Brief - Going through the data, count each line that has the word "India". Reply with the total and nothing more.
☆ ☆ ☆ ☆ ☆ ☆ ☆
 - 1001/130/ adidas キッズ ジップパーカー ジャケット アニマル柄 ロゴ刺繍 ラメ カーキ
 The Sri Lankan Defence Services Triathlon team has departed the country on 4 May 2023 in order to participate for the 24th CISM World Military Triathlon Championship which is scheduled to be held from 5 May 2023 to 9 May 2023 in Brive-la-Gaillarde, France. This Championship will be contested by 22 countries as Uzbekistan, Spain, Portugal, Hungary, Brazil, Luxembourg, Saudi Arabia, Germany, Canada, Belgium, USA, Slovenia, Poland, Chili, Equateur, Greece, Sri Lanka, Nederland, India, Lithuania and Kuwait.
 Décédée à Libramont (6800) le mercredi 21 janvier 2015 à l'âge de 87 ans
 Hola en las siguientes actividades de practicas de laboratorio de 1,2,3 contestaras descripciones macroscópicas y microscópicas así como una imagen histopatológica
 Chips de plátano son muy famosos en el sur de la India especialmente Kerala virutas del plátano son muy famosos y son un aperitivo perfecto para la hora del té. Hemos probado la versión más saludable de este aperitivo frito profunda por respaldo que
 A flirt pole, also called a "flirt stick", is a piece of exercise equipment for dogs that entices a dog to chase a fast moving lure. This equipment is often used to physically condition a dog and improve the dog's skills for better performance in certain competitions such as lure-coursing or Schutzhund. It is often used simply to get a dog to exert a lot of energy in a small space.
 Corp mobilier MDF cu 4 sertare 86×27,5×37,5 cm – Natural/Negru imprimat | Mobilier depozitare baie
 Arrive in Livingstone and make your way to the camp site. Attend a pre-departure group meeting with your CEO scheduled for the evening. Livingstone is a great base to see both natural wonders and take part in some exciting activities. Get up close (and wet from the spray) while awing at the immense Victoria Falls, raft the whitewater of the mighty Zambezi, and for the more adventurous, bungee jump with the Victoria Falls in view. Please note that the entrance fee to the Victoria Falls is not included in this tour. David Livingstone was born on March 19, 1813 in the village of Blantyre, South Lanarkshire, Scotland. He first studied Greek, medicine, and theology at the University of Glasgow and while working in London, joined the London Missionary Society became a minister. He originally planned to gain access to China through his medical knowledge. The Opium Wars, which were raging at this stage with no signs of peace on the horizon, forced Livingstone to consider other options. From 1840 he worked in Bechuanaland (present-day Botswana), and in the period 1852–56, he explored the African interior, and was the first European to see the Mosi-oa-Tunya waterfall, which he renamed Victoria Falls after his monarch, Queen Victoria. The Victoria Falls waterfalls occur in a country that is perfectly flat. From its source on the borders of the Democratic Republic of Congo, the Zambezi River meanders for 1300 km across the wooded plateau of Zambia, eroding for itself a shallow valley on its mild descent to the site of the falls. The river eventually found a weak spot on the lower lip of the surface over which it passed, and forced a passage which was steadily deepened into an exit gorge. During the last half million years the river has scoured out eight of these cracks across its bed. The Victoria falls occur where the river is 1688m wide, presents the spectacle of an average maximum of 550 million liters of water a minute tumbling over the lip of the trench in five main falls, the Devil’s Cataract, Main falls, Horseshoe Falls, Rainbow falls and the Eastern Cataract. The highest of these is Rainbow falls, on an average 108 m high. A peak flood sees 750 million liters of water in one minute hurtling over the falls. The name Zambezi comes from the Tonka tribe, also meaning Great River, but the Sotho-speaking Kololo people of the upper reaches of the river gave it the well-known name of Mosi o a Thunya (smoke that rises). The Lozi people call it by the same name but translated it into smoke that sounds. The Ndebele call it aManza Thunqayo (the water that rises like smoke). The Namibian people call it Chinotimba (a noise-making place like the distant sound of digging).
☆ ☆ ☆ ☆ ☆ ☆ ☆
Solution below - 2